Mengenali dan Menjaga Liver tetap Sehat
Posted by Unknown on 21.50
Menjaga kesehatan di tengah kesibukan yang menumpuk
adalah prioritas yang seharusnya Anda lakukan. Tanpa sadar liver Anda bekerja
keras kian berat dan tiap hari.
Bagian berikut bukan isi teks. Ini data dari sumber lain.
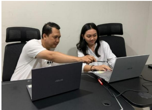
Gambar 1. Penyusunan Pedoman ( Guidline )
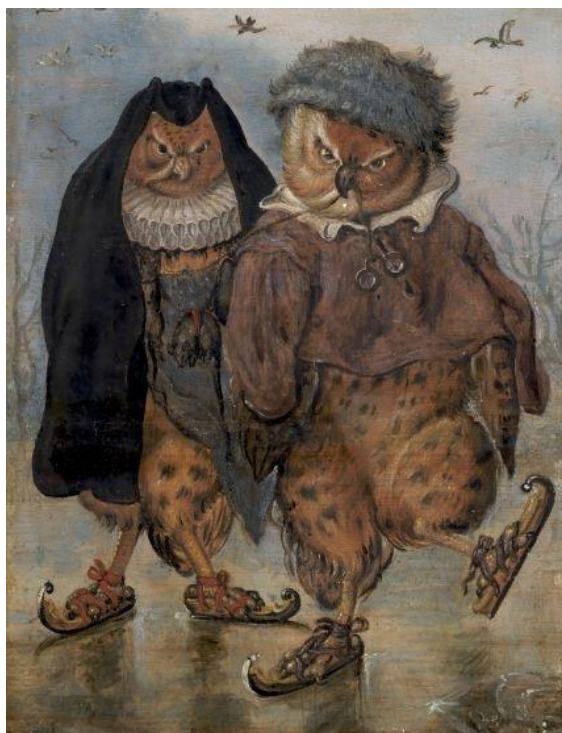
Schilderij Hoe passen wy by een - Adriaen van der Venne.

Baik karena pola hidup maupun pola makan yang
tidak dapat sepenuhnya memenuhi standar konsumsi gizi seimbang.
Liver merupakan organ penting yang membantu Anda dalam
detoksifikasi, mengatur metabolism tubuh dan membentuk antibody untuk system pertahanan tubuh.
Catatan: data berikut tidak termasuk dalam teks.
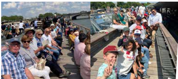
7 juin : Visite de Paris intergénérationnelle

Menjaga liver agar tetap sehat mulai dari sekarang, karena fungsinya yang
sangat penting dan hanya ada 1 buah saja dalam tubuh kita ( seperti jantung).
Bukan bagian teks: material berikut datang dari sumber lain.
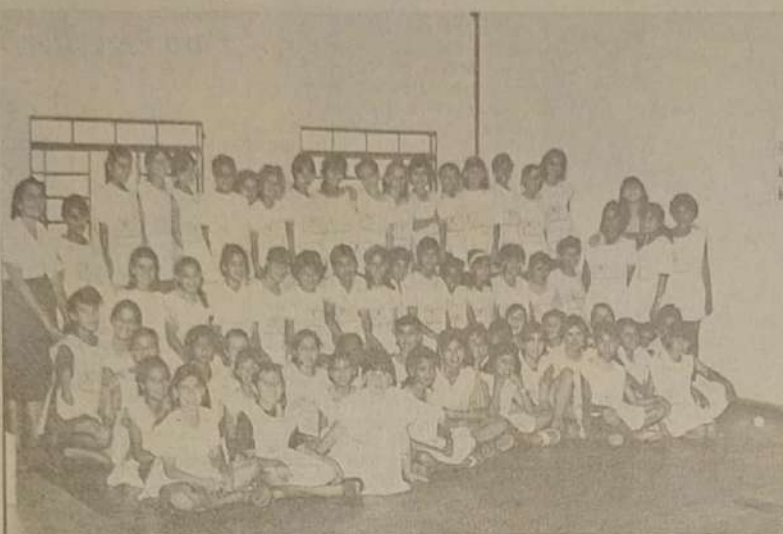
Ama - Apoio as menores artesãs.

Iniciado na administração do Prefeito Paulo Antônio, este projeto teve início com o Clube do Pequeno Trabalhador. Onde crianças de ambos os sexos, trabalhavam nas ruas, fazendo pequenos serviços (vendendo salgados, picolé, etc.). Houve a necessidade de separar meninos e meninas, dando-lhes uma orientação mais direcionada. Aos meninos foram doados caixas de engraxate, para as meninas criaram o "AMA", onde elas passariam a ter uma assistência maior, que foi de higiene pessoal, até afazeres domésticos. Mas o intuito maior era dar a estas meninas, uma preparação para o mercado de trabalho. São noções básicas para o comércio, ensinamentos na arte do Crochê, Triô, Bordado, Confeção de Flores, etc. A produção alcançada é colocada a ven-
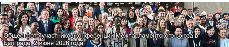
Общее фото участников конференции Межпарламентского союза в Белграде, 2 июня 2026 года
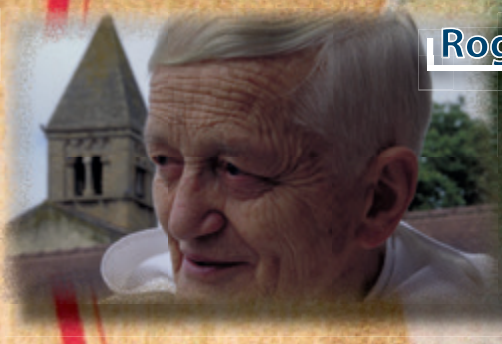
Roger Louis Schütz

Penyebab radang hati atau liver adalah :
Pola hidup yang tidak sehat
Aktivitas tinggi dan olahraga berlebihan tanpa diimbangi
oleh istirahat dan pola tidur yang baik.
Minum obat berlebihan
Mengonsumsi makanan yang tidak sehat dan higienis
Minum alkohol berlebihan
Pola makan yang tidak teratur dan tidak seimbang
Mengenali gejala dan menjaga liver tetap sehat :
Mudah lelah dan lesu
Mengalami depresi
Nyeri di sisi kanan perut
Nafsu makan hilang
Mual, muntah, dan diare
Warna kulit dan bola mata berwarna kekuningan atau bahkan
kuning
Kadang persendian terasa nyeri
Air seni berwarna gelap, seperti air teh
Penyakit hepatitis peradangan pada hati yang disebabkan
oleh virus hepatitis. Jenis hepatitis yang sering dijumpai yakni hepatitis A,
B, dan C, Hepatitis A bersifat akut dan jarang menjadi kronis. Sedangkan
hepatitis B dan C termasuk penyakit hati yang kronis atau menahun yang dapat berlanjut menjadi
sirosis dan kanker hati apabila tidak ditangani dengan baik.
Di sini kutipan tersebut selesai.